Financial assistance options are available at the national, state and local levels. First-time home buyers should do their research to find as many potential programs that might apply to them as possible. Talk to your real estate agent or mortgage broker about options they’re familiar with and do some research online. 

We’ve listed some of the top options for first-time home buyer grants to help you get you started.

National Homebuyers Fund (NHF)

The National Homebuyers Fund administers several programs to help first-time home buyers, including the NHF down payment assistance program (NHF DPA). Here are a few specifics about this program:[1]

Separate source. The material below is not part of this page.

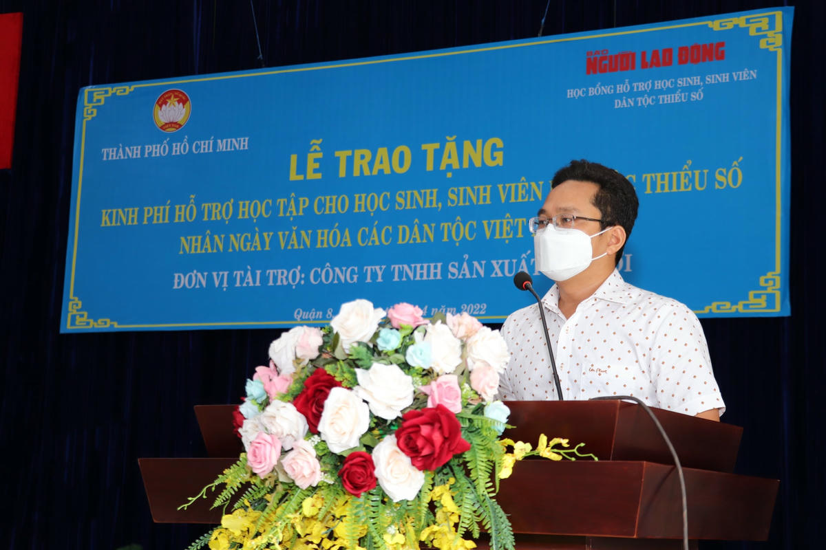 Ngày 24/4, Ủy ban MTTQ Việt Nam TP HCM phối hợp cùng Ủy ban MTTQ Việt Nam Quận 8 (TP HCM) tổ chức chương trình trao tặng kinh phí hỗ trợ học tập cho học sinh, HS, SV dân tộc thiểu số có hoàn cảnh khó khăn trên địa bàn Quận 8 nhân Ngày Văn hóa các dân tộc Việt Nam (19-4).

  • Qualified candidates can get up to 5% of the total mortgage amount in assistance, which can be used for help with closing costs or the down payment.
  • You don’t have to be a first-time buyer to qualify.
  • The program has flexible credit score and DTI requirements and the income limits are higher than with many other options.
  • You can use this program alongside many mortgage types that you may be familiar with, including Federal Housing Administration (FHA), Department of Veterans Affairs (VA), U.S. Department of Agriculture (USDA) and conventional mortgages.

HomePath®Ready Buyer™ Buyer Program

This is a program from Fannie Mae. You have to qualify as a first-time home buyer for this program and go through an education course. Other important points you need to know include:[2]

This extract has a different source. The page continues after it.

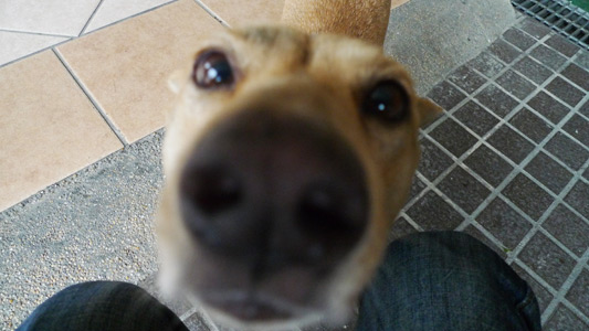 隔天我們吃完早餐出來牠倒是很殷勤,積極到我的相機都對焦到地板了。不過牠到底覺得我會從哪裡拿出食物啊,從口中嗎?(一陣嘔吐)

  • The program covers up to 3% of the total mortgage amount that can be used for closing costs.
  • You may have to pay a $75 fee for the education course, but it’s reimbursed to you at closing.
  • The program only works if you’re buying a primary residence.

Good Neighbor Next Door

The Good Neighbor Next Door is a program from the Department of Housing and Urban Development. Technically, this isn’t a grant program – it’s a loan forgiveness program. We’ve listed some details about how it works.[3]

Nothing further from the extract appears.